Георгий Константинович прекрасно знал моего прадеда и прекрасно знал, что он прекрасный командующий и что он сделает абсолютно все, что в его силах, чтобы данную точку удержать. И если он не может этого сделать, значит, он просто не может этого сделать. Тем не менее, тучи сгущались над Панфиловым, которого вообще чуть не предали военно-полевому суду. Прадеду делали внушение в письменном виде за «примиренческое отношение» к Панфилову, который погиб спустя несколько дней — командир той самой знаменитой Панфиловской дивизии. И прадед писал в своих мемуарах, что эти приказы, которые стали модными, — стоять насмерть, даются только с одной целью: чтобы обезопасить себя бумажкой, — что вот я такой приказ дал, а дальше уже как бы не моя вина.

И он был обижен очень на Георгия Константиновича за недоверие, которое тот проявил к нему во время этих самых жестоких боев, за грубость, которую прадед по отношению к себе не переносил. Например, Сталин только прадеда и Шапошникова называл по имени — отчеству. Потому что он понимал, что Рокоссовский — это такая «польская штучка», лучше тут без панибратства. И он всегда с подчеркнутым уважением к прадеду относился, в том числе в те самые самые тяжелые дни защиты, обороны Москвы.

Парад Победы на Красной площади в Москве. Доклад командующего парадом Маршала Советского Союза К.К. Рокоссовского принимающему парад Маршалу Советского Союза Г.К. Жукову
Минобороны РФ / Wikimedia Commons

— В конце жизни Рокоссовского они помирились все-таки с Жуковым?

— Еще в 1955 году было подписание Варшавского договора, который Жуков подписывал от Советского Союза, а прадед был тогда министром обороны Польши и подписывал, соответственно, от Польской народной республики. И Жуков туда приехал. Был такой бывший польский министр внутренних дел Чеслав Кищак, с которым я общалась. Он служил тогда [в 1950-е] в военной разведке, и они, естественно, охраняли кабинет Рокоссовского. И Кищак вспоминал, что, по донесению польской военной разведки, вечером Рокоссовский с Жуковым вошли туда уже после подписания. Очевидно, какие-то спиртные напитки были у товарищей маршалов в кабинете. И они слышали оттуда всю ночь то крики, то хохот, то ругань, то снова хохот, то снова крики. И под утро Жуков и Рокоссовский вышли из этого кабинета «пьяненькие и в обнимочку».

Но они мало виделись, потому что командовали различными военными округами или просто находились все далеко от Москвы. И по-разному складывались их отношения. Последний раз они встретились уже перед смертью прадеда в 1968 году. Тут данные разнятся. Кто-то говорит, что в санатории в Барвихе, кто-то — что в кремлевской больнице. И было понятно, что это их последняя встреча. И прадед и Жуков обнялись. Прадед сказал: «Прощай, Георгий». И они заплакали.

— Очень трогательно.

— Да. Свидетели этого разговора вот так передавали.
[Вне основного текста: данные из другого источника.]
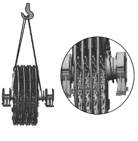 4m以下规格天轮装置:采用两根等长钢丝绳。钢绳兜吊中间两个轮子的轮缘,两根钢丝绳分别挂在同一处槽钢的左、右两侧。为防止轮子变形,两吊挂轮子之间需用千斤顶支垫。
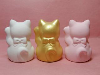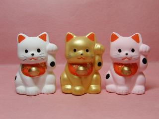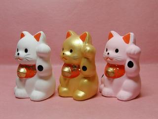 トリオ招き猫さん ごくごくシンプルな型押しの招き猫さんですが、とってもキュ〜ト。 お店では、ちょうど仕入れたばかりだったのか沢山の同じネコさんが 飾られていました。こうなると、どのネコさんを連れて帰るか、すっごく迷うんです。 こういうネコさんって、ぜ〜んぶお顔付きが違うから、1つ1つみ〜んな見ないといけない(^^ゞ その沢山のネコさんから選ばれた子達です。如何でしょう?(*^m^*)
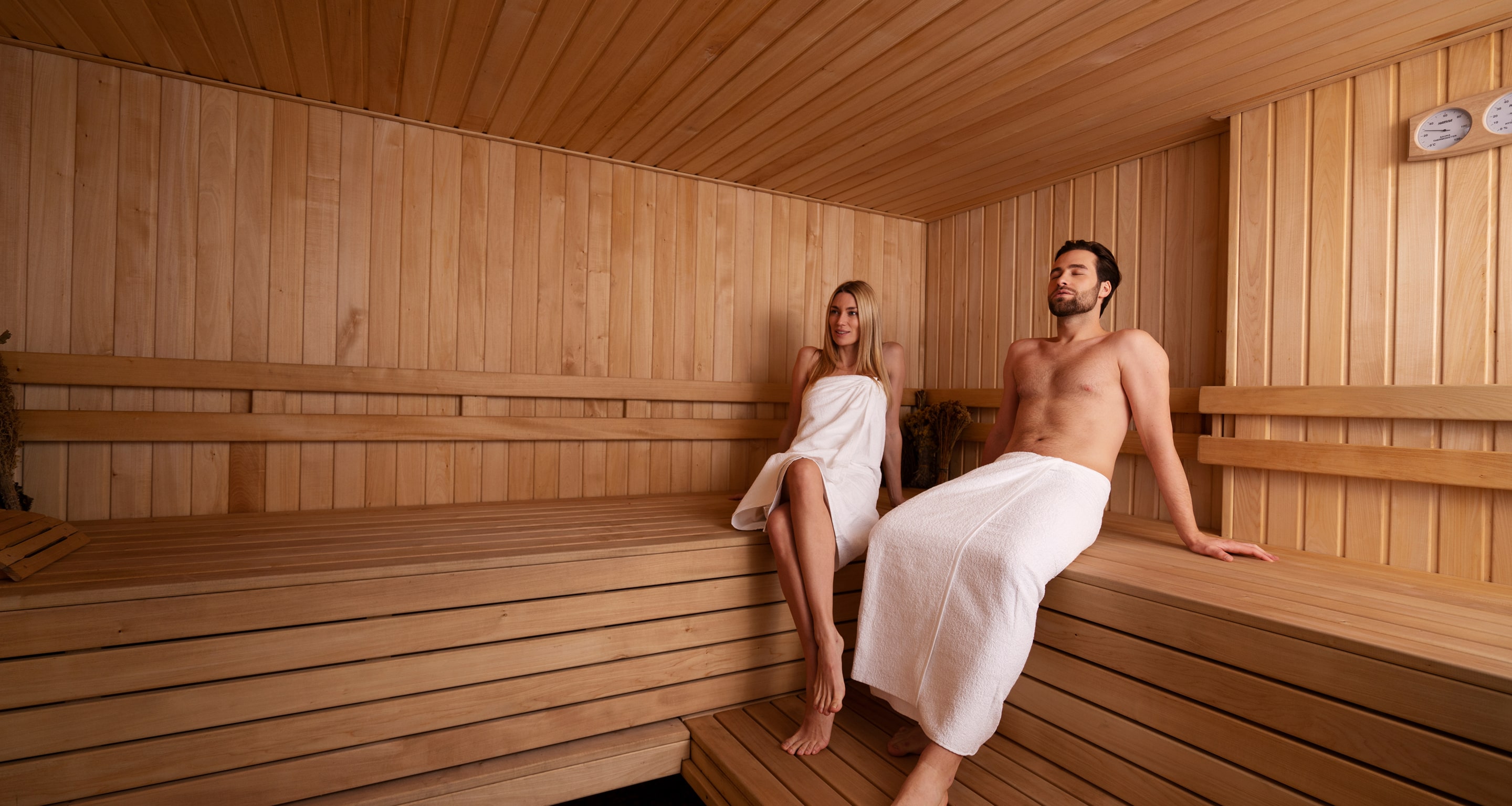 На каждом сеансе предоставляются два полотенца. Одно используйте, чтобы сидеть на нём в сауне, а другим вытирайтесь после сеанса.
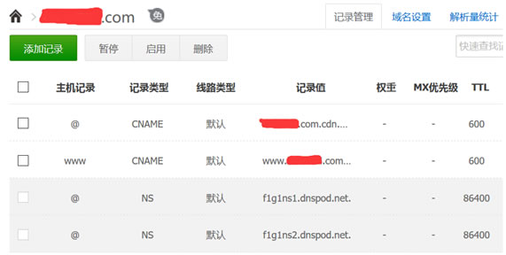比如这里老左用的测试域名使用的是DNSPOD,直接添加2个CNAME别名解析。
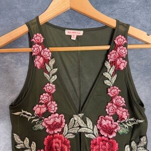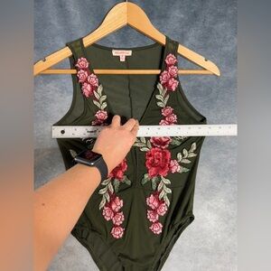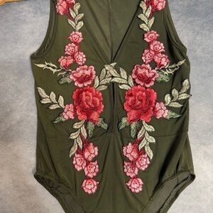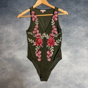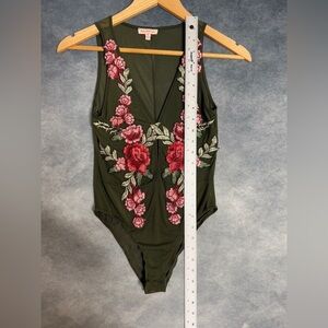 Solaris Green Red Pink Floral Embroidery Sheer Mesh Snap Button Bodysuit Size S

«Вся юность погибала в Варшаве у него на глазах «

— В этом году [3 июля] будет отмечаться 80-летие освобождения Белоруссии. Это операция «Багратион», которой как известно, командовал ваш прадед во главе 1-го Белорусского фронта. Какие воспоминания сохранились об этом в вашей семье? Может быть, не столько военные, сколько человеческие моменты?

— Из человеческого, наверное, единственное, — что относится не совсем к операции «Багратион», а, скорее, к Гомельско-Речицкой операции, которая ей предшествовала. Впервые с начала войны собралась вместе вся семья, к прадеду на фронт получили возможность приехать прабабушка и бабушка (жена Константина Рокоссовского Юлия Петровна и их дочь Ариадна. — Прим.RTVI). И они праздновали Новый год [1944-й] в штабе фронта в освобожденном Гомеле. И это было такое очень светлое воспоминание, потому что это было большое счастье. Мы понимаем, что не каждая советская семья в те времена могла бы себе позволить увидеться с родным человеком, который на фронте. А тут вот такая встреча.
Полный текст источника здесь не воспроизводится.